Ik voel mij dus enorm gefrustreerd dat ik niet meer haalde uit mijn onderzoek maar blijkbaar was de tijd nog niet rijp. Intussen bestaat er wel wetenschappelijk onderzoek die mijn bevindingen onderbouwen. Maar waarom zijn deze niet geïntegreerd in ons onderwijs en kan je wel allerlei geheugenoefeningen vinden op het internet? Jammer genoeg zijn deze betalend en niet geïntegreerd in het dagdagelijkse leerproces.

Door de enthousiaste manier waarop ik over het boek vertel, kreeg ik al meerdere keren de vraag of ik het onderwijs niet ga missen als ik binnen enkele maanden de onderwijsinspectie verlaat. Mijn antwoord is genuanceerd en heel persoonlijk. We zien wel. Ik heb voldoende uitdagingen en ik stop niet met werken. Ik hoop vooral dat ik mijn ontgoocheling kan achterlaten en dat mijn kleinkinderen veel uitdaging en leerplezier mogen ervaren in hun schoolcarrière, in Vlaanderen en in Zwitserland. Mijn grootste ontgoocheling is collectief omdat het leerproces van veel leerlingen te weinig kansen en uitdagingen kreeg, gewoon omdat er veel boven hun hoofd beslist werd en zij te weinig actief betrokken worden bij het eigen leerproces en de effecten ervan.

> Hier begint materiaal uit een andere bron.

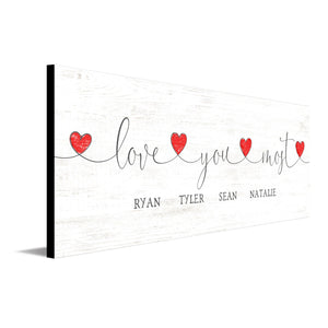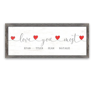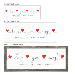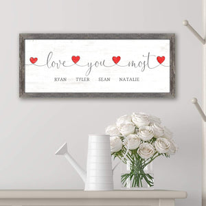 The text "Love You Most" is tied together with hearts and includes your personalization below. Simply enter your customization options and let our artists do the rest. Your print is made in the USA, special for you, and it ships fast.

Ik hoop dat de juiste instanties de juiste touwen in de juiste handen nemen of geven zodat onze kinderen krijgen wat ze verdienen. Zo lang welbevinden en betrokkenheid niet betekent dat kinderen met volle goesting experimenteren en leren en fier zijn op elke ontdekking die ze doen, heeft het weinig meerwaarde in het onderwijs.

Ik heb het artikel in De Morgen niet gelezen omdat de echte ideeën tot verandering van op de klasvloer moeten komen. Beleidsmakers mogen doelen en verwachtingen voorop stellen. De uitwerking is voor het veld, daar tiert de creativiteit welig. Ik hoop dat effectieve ideeën kansen krijgen en dat de wetenschappers dichter bij het totale onderwijsveld komen. In Frankrijk ging het boek van Céline Alvarez al 200 000 keer over de toonbank. Ook dat is hoopvol.